Specialist SA, Artificial Intelligence / Machine Learning (AI/ML)
DESCRIPTION As a Specialist ML Solutions Architect at AWS, you'll build technical relationships with customers of all sizes and operate as their trusted advisor, ensuring they get the most out of the cloud at every stage of their journey in adopting Machine Learning across their organisation.
You'll manage the overall technical relationship, for Machine Learning related projects, between AWS and our customers, making recommendations on security, cost, performance, reliability and operational efficiency to accelerate their projects.
Internally, you will be the voice of the customer, sharing their needs and wants to inform the roadmap of AWS AI/ML features.
In this role, your creativity will link technology to tangible solutions, with the opportunity to define or invent cloud-native Machine Learning reference architectures for a variety of use cases.

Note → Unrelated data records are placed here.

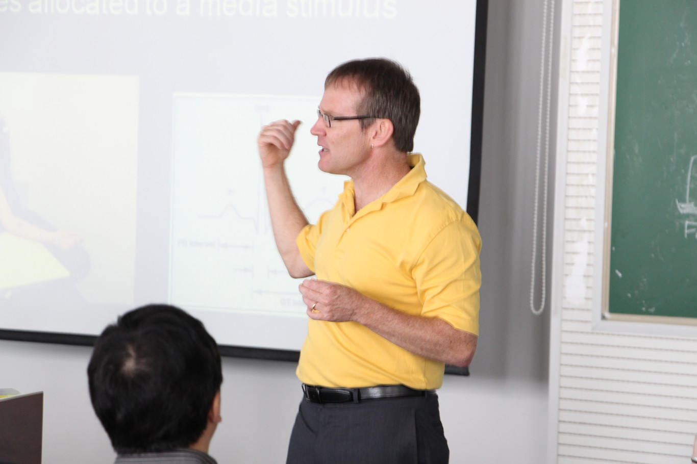 作为印第安那大学传播研究所所长、印第安那大学人文与科学公司认知科学项目的核心成员,Potter博士在媒介与受众、媒介认知与情绪的生理心理测量、广告信息进程等方面积累的大量的知识与案例,通过此次讲座,他深入浅出地介绍了心理生理学测量的基本概念和实践案例,将“Psychophysiology”介绍给太阳集团tyc33455官网的老师和员工们。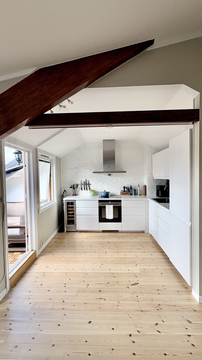 Kjøkken: Stilrent og moderne kjøkken i hvitt med integrerte hvitevarer(ovn, oppvaskmaskin), god skapplass og fine arbeidsflater. Her er det lagt vekt på både design og funksjonalitet.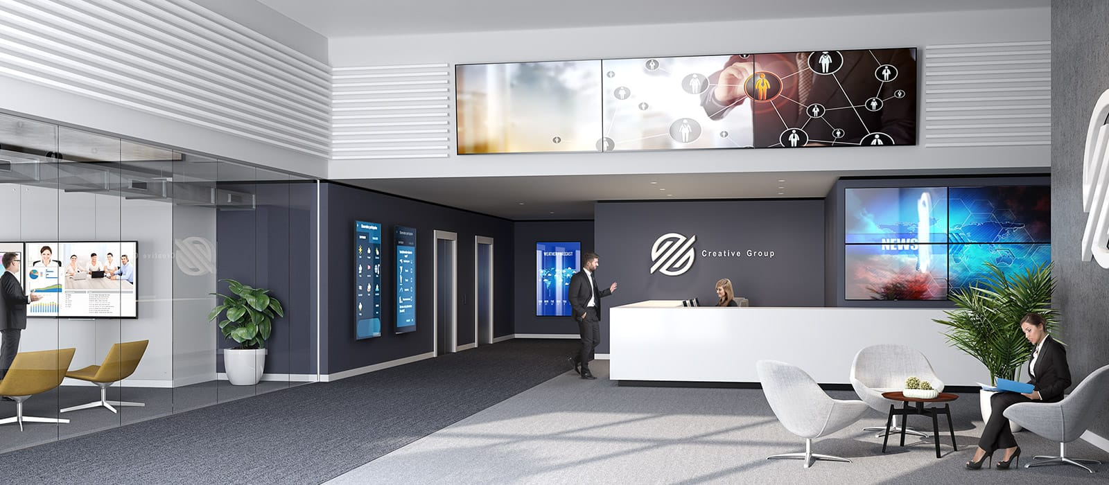 Tingkatkan kesan pertama dengan sistem display cerdas, wayfinding, dan manajemen tamu digital yang elegan dan efisien.

You will participate in the creation and sharing of best practices, technical content and new reference architectures (e.g. white papers, code samples, blog posts) and evangelize about running Machine Learning workloads on AWS and industry ML trends (e.g. through workshops, user groups, meetups, public speaking, online videos or conferences).
If you can educate AWS customers about the art of the possible, while challenging the impossible, come build the future with us.
BASIC QUALIFICATIONS • Experience in the field of AI, Machine Learning, Deep Learning and related technologies.
• Data science background and experience manipulating/transforming data, model selection, model training, cross-validation and deployment at scale.
• Experience with Machine and Deep Learning toolkits such as PyTorch, Scikit-learn, XGBoost, MXNet & TensorFlow
• Experience with software development and developing production-grade code. Experience working with RESTful API and general service oriented architectures.
PREFERRED QUALIFICATIONS • Academic background in Mathematics, Computer Science, Statistics or equivalent professional experience
• Experience communicating effectively across internal and external organizations, for complex mission-critical solutions
• Experience with predictive analytics, semi- and unstructured data
• Experience deploying production-grade machine learning solutions on public cloud platforms
• Experience with AWS (or comparable) services adjacent to AI/ML, particularly Amazon EMR, Amazon S3, AWS Lambda, AWS IoT Core & Greengrass, Amazon DynamoDB, Kubernetes, Amazon EC2 Container Service, AWS IoT Greengrass etc.
• Experience influencing and building mindshare convincingly with any audience.
• Confident and experienced in speaking to large audiences.